I really do believe I'm zen enough to not be completely human-centric.  And haiku is great about observing the outside.  But this tanka seemed to be doing more.  Observing the outside and then internalizing it.  It was deeply personal.  There was so much human subtext in what he wrote.  In my opinion, that just could not be accomplished with a haiku.

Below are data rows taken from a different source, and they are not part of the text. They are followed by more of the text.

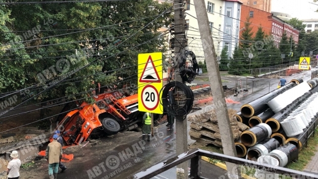 Сейчас на проезжей части по улице Мирной ведется ремонт теплосетей Рабочие раскопали часть дороги. По сообщениям очевидцев в паблике "Автокадр_46" днем 27 августа в траншею провалился КАМАЗ. Как именно случилось ЧП, неизвестно. Данных о пострадавших пока тоже нет. Анна Курочкина
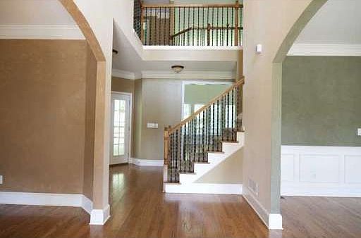 FABULOUS HOME W/ALL THE UPDATED FEATURES! ROCKING CHAIR FRONT PORCH, WONDERFUL TRIMWORK & HARDWOOD FLOORS, FORMAL DINING W/WAINSCOTING DETAILING, FORMAL LIVING RM/OFFICE/STUDY, GRAND 2-STORY GREAT Rm W/FIREPLACE & WALL OF WINDOWS VIEWING PRIVATE WOODED BKYD, GOLF COURSE VIEW IN FALL/WINTER, GOURMET KITCHEN W/BEAUTIFUL CABINETS & GRANITE COUNTERS, ISLAND, GUEST BDRM ON MAIN, LG MSTR STE AND MSTR SPA BATH, LG SECONDARY BDRMS, UNFIN. BSMT. This floor plan belongs in the Overlook but was perfect for this oversized corner lot.
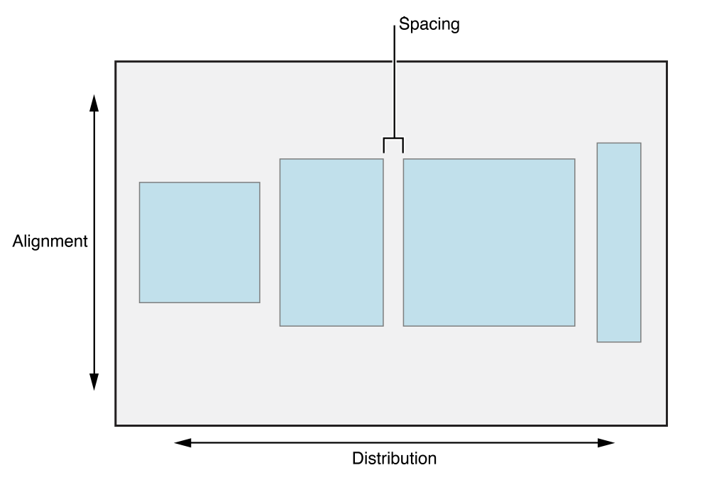 axis,distribution,alignment,spacing등의 프로퍼티에 의해 결정된다.
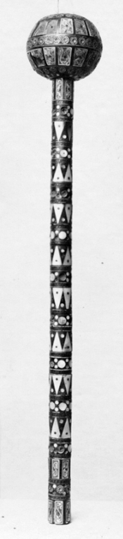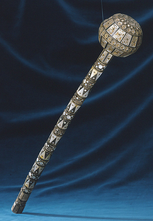 Runt något kantigt slaghuvud av trä, fullständigt täckt av beläggning av horn och pärlemorplattor i horisontella rader runt om. Överst rund platta bortfallen (pärlemorfragment). Tre rader med runda graverade och förgyllda pärlemorplattor och mässingsstift, däremellan två rader med rektangulära, svagt trapetsoida pärlemorplattor med graverade fåglar och vingar med förgylld botten. Överst och nederst små runda pärlemorplattor och mässingsstift. Runt skaft av trä, helt täckt med beläggning av horn och pärlemorplattor. Pärlemorplattorna i rader runt skaftet, omväxlande trekantiga och runda. I bårderna och mellan dem mässingsstift. Överst en rad rektangulära pärlemorplattor med graverade drakar med förgylld botten. Nederst två rader likadana plattor och mellan dem bård i med runda graverade och förgyllda pärlemorplattor.
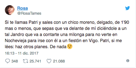 Los usuarios de Twitter se unen para buscar a Patri, una chica a la que su novio pretende engañar en Nochevieja.
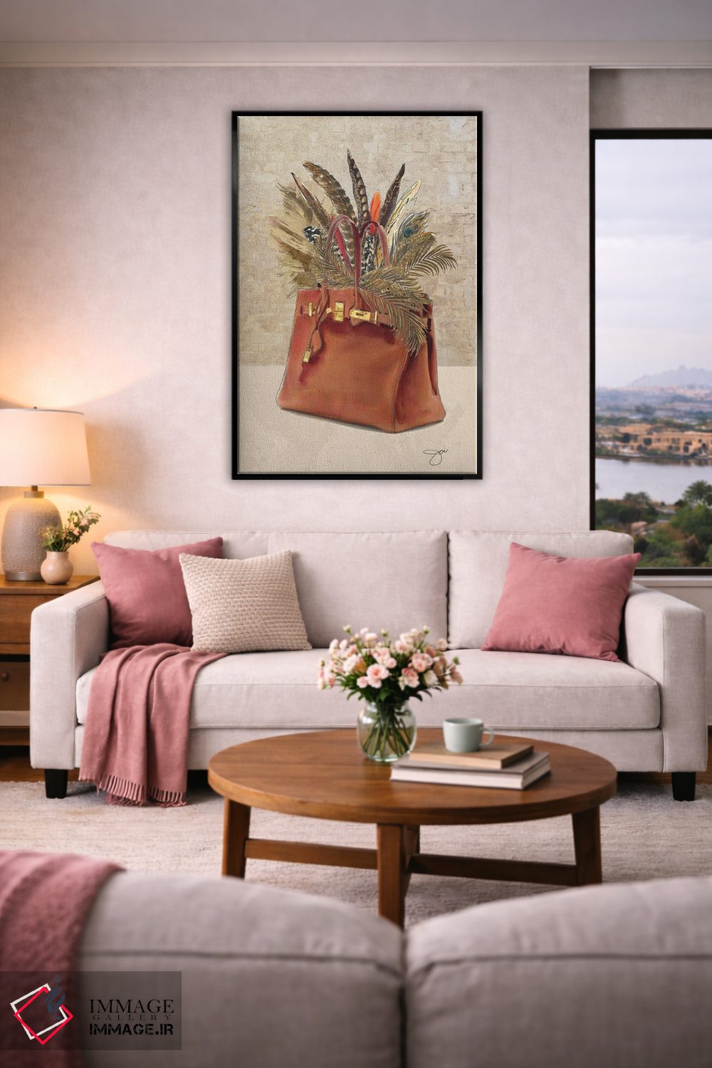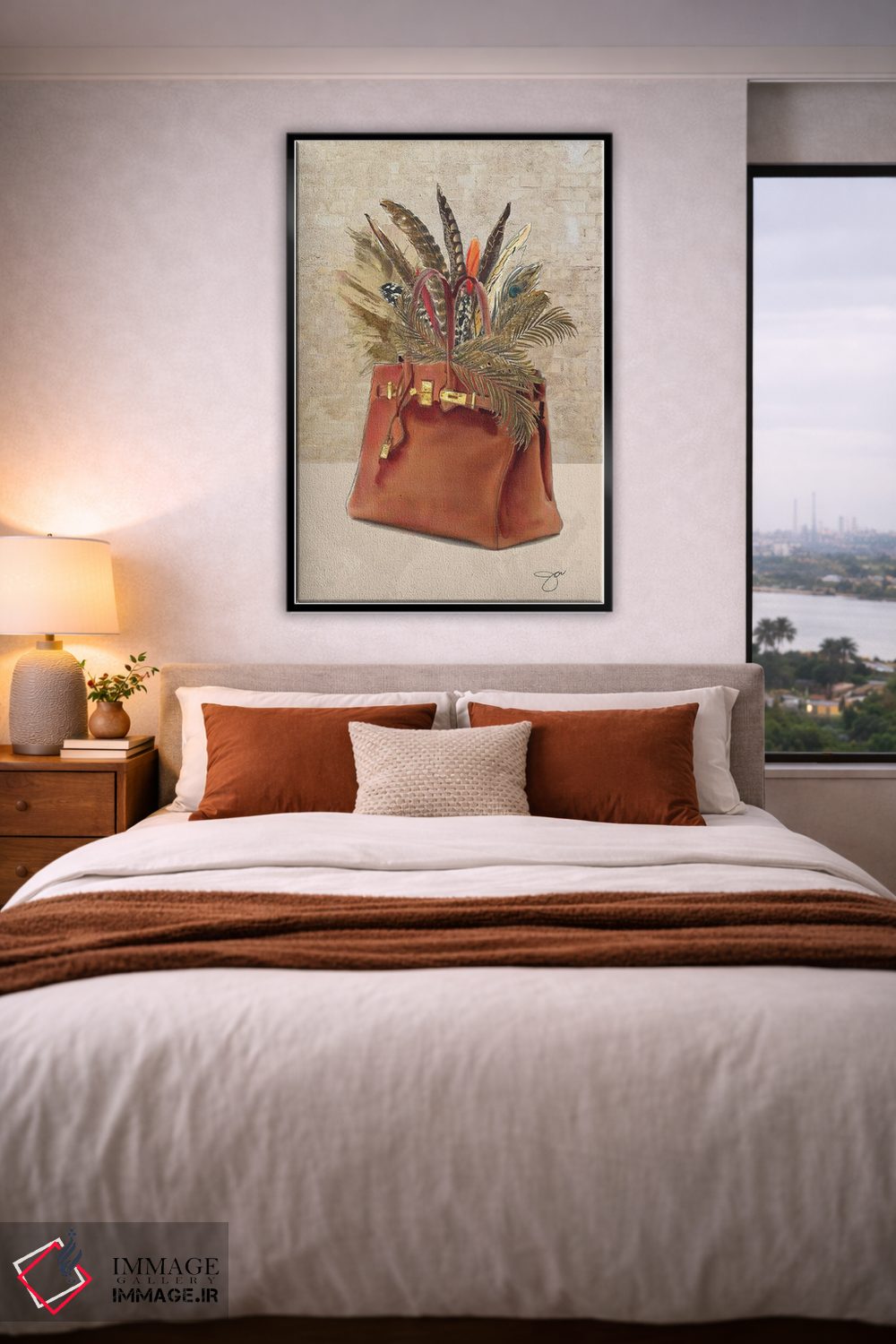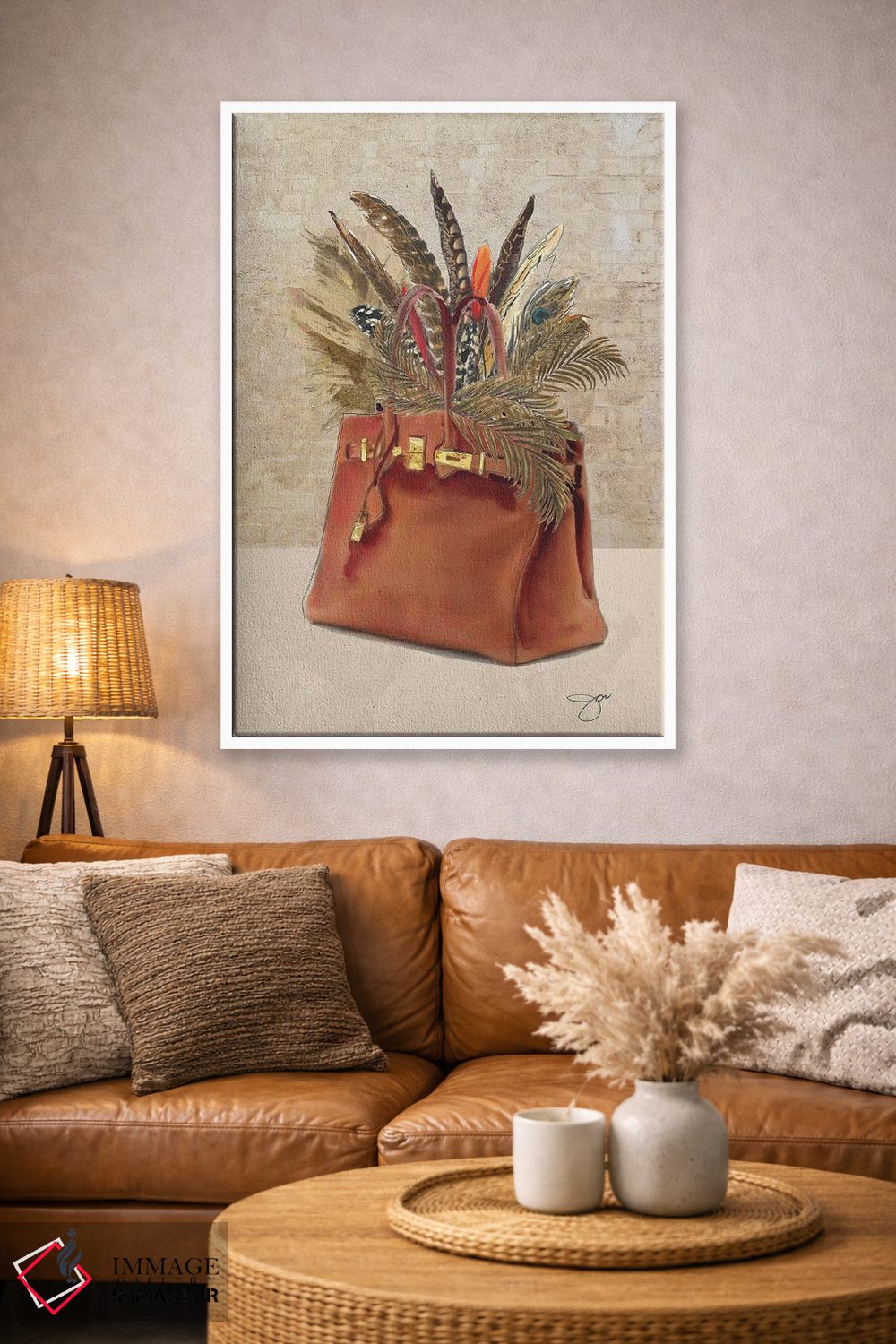 براساس پالت گرم اثر، قاب بلوط روشن (چوبی) پیشنهاد اول است و استخوانی ملایم مکمل. برای سفارشهای پروژهای با ابعاد و قابهای اختصاصی با ایماژ در تماس باشید.
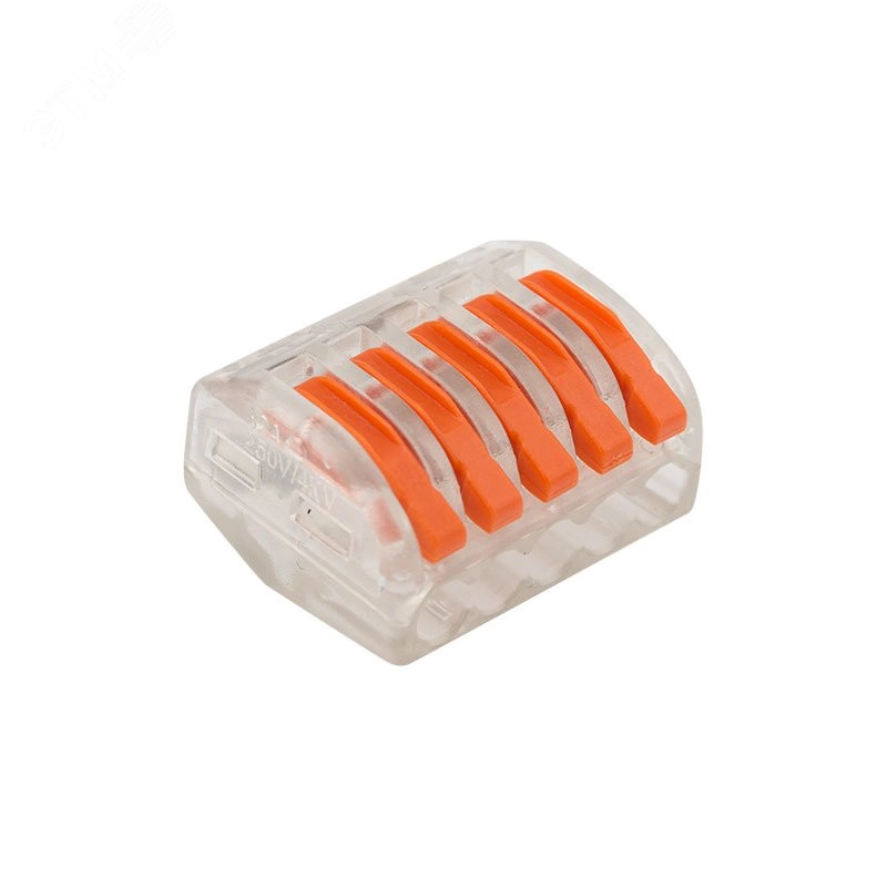 Соединительная многоразовая клемма REXANT на 5 проводников с плоско-пружинным зажимом предназначена для подсоединения медных одножильных и многожильных зачищенных проводников тонкого сечения. Перед монтажом с соединяемых проводников необходимо снять изоляцию в соответствии с обозначениями на корпусе клеммы (9-12 мм). Зачищенный участок с монтажной стороны не должен иметь сильных изгибов. Вставьте его в свободное гнездо клеммы, предварительно подняв оранжевый рычажок, после этого опустите рычажок в исходное положение. Контакт осуществляется путем зажима проводника пластиной. Конструкция предотвращает случайное размыкание контакта. Специальное технологическое отверстие на корпусе клеммы предназначено для проверки соединения тестером-пробником или щупом мультиметра. Извлечение проводника (демонтаж) осуществляется действиями в обратном порядке.

That sense of a moment stretching itself out, with that final sip of tea.

So, I started to read more about tanka.

And at first, I was rather nonplussed.  Nothing—not even sort of—resonated inside me like Shiki's tea tanka.  In fact, I found myself gravitating more, back towards haiku.  I didn't really understand what I was looking at.  All I knew was that Shiki's was not a model.  Some were very abstract; some were actually political.  Many seemed to be one big-run-on sentence.

And so, I begin to read about tanka.  The most interesting thing that I found was a historical narration about the experience of lovers swapping tanka.  A story about a couple writing tanka back and forth to each other had a charmingly pastoral feeling to it.  I remembered some of the really bad sonnets I wrote in high school.  In an embarrassingly romantic sense, the whole idea appealed to me.  And I began to note some rather interesting tanka.

In love
And frail as the stem
Of this summer flower-
Yet will I bloom
Deep red underneath a dazzling sun!

                                      --Akiko Yasano

And then I began to better understand the contemplative nature of tanka.  Like love, it could grasp at more philosophical concepts.  Consider these two tanka concerning death.

A dead brown seed
Becoming in a muddy pot
A white flower-
It is a lie you know
About death I mean

                                    --Jane Reichhold

Inside the coffin
Of my beautiful
Friend,
The flowers
A riot of color

                                    --Akiko Yasano

Both of these use impressive imagery to capture a thought that the author is having. It burrows itself into the human consciousness. It is an expression of human existence. It is coming to grasp with the inevitable and the impossible.  The first one is striking in its pessimism-the author is casting serious doubt and the idea of new life coming after death. This is a strikingly honest fear-one that probably crosses all minds on occasion.  The second one trivializes death in a beautiful way.  It captures the simplicity of it.  It demonstrates that a person can have a lively impact on the world, even after they have passed on.  These two very different examinations of death demonstrate the introspective path that tanka can take, leaving haiku on another path.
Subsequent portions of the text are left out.